Badanti, muratori, coltivatori di olive, carciofi, broccoletti, lavoratori delle città e lavoratori delle campagne: Rovelli alza il tappeto del nostro paese e li trova tutti lì, inghiottiti dentro esistenze sfrattate due volte. Una dal paese che hanno lasciato cercando minore sfortuna di quella che avevano, e la seconda in quello che non li ha accolti, ma soltanto stipati in anfratti e messi come bestie a tirare l'aratro. C'è una pietas, in questo andare a guardare dentro il corpo dell'Italia, e al tempo stesso un'intransigenza etica, l'impossibilità di non farlo, di non sedersi allo stesso tavolo di questa gente sottratta. I ritratti di questo viaggio in Italia sono il ritratto di un paese fondato sul ricatto. "Ma non puoi mica protestare, se vuoi restare qui! Metti che vai dai sindacati, si passano la voce, non ti fanno più lavorare", dice Mosef, che per di più è uno dei pochi che sono in regola, ha una casa (quella del padrone) e un permesso di soggiorno avuto con la sanatoria del 2002.

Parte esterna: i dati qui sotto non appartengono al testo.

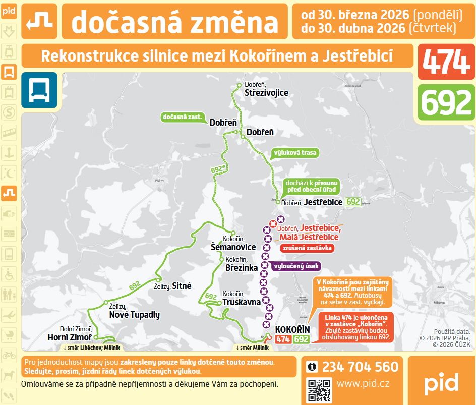 Z důvodu uzavírky silnice Tuklaty – Tlustovousy pojedou linky 484 a 677 v čase 7:40 – 23:59 mimo zastávku Tuklaty, Hlavní (zrušena bez náhrady). Ranním spojům do 7:40 bude umožněn průjezd uzavřeným úsekem.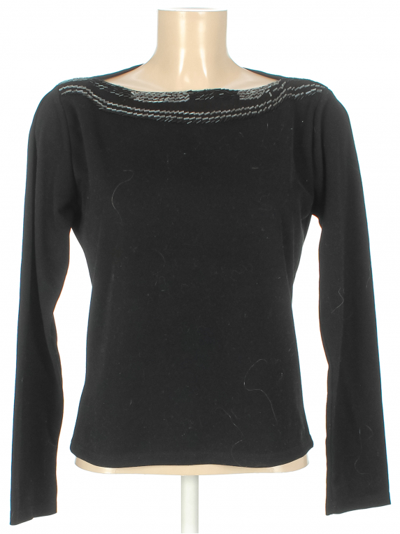 Маркировка на изделии отсутствует. Размер указан на основании замеров 44-46. Есть катышки, затяжки, загрязнения, ткань потускнела, лоснится, нет нескольких элементов декора (бисера) - распускается нить.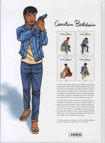 Depuis sa première apparition en 1996 dans les pages du magazine (A suivre), Caroline Baldwin a parcouru un sacré bout de chemin. Avec déjà 16 albums traduits dans plusieurs langues dont l'allemand, l'italien, l'espagnol ou le portugais, les aventures trépidantes de la belle enquêtrice imaginée par André Taymans sont aujourd'hui devenues un classique du genre. Ce quatrième volume marque les retrouvailles de Caroline avec Roxane Leduc au Népal, là même où elles s'étaient rencontrées. Mais ces retrouvailles ne seront pas de tout repos. Tout comme la plongée au sein des milieux complotistes américains que Caroline devra affronter avec l'aide de l'agent du FBI Gary Scott et de l'inspecteur Philips de la police de New York, deux vieilles connaissances.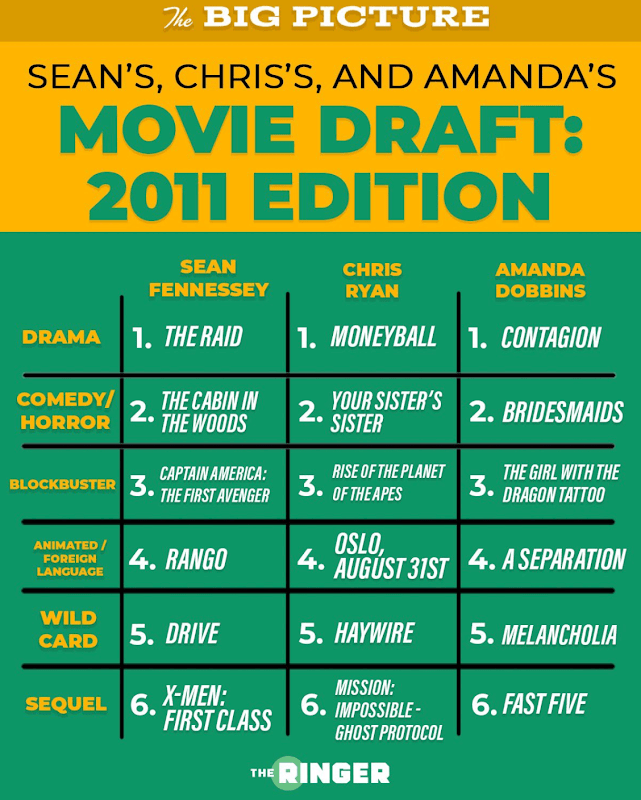 Here we revisit the 2011 movie draft, the second draft that Sean Fennessey, Amanda Dobbins and Chris Ryan did on The Big Picture. With this being the second go around, they improved the run of the draft a bit. Most notably, now you can draft for any category at any pick. More strategy now, which means more chaos.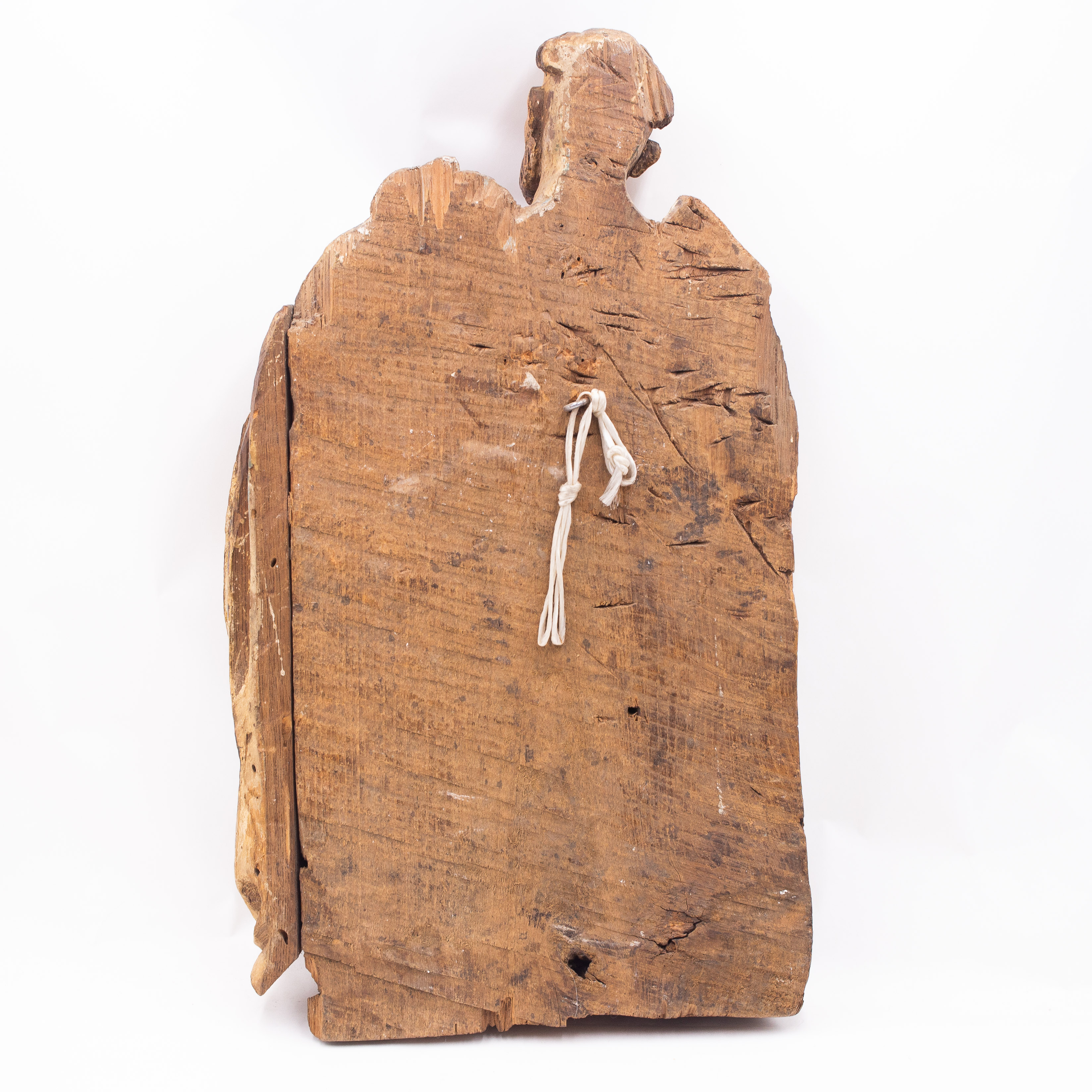 È una scultura scolpita nel legno con resti di policromia e doratura.

Pagina dopo pagina, testimonianza dopo testimonianza si fa largo, nella lettura, un'impressione agghiacciante, a cui non si vorrebbe pensare e che però arriva fredda lungo la schiena. L'impressione è quella di un paese con un tumore che gli sta crescendo dentro la pancia, ignorato ogni giorno e che ogni giorno si moltiplica, aumenta di volume a scapito del corpo dentro cui alberga. L'Italia è un corpo malato, che però si presenta al mondo rifatto, corretto, rimesso a posto dal lifting. È un corpo grottesco, abnorme, che ingoia tutto quello che non vuol far vedere, come un disperato che si caccia dentro lo stomaco ovuli di cocaina per non farsi arrestare. E che però ogni giorno alza la posta, e il rischio che corre è un rischio più grande. Perché l'ovulo di Rosarno è uno soltanto, e mandarlo giù è stato difficile, ma poi lo si è fatto. Ma un paese che alza il tiro ogni giorno, corre il rischio di sentirle saltare in aria tutte dentro lo stomaco, quelle cose che voleva nascondere, e di trovarsi riverso, davvero senza coscienza.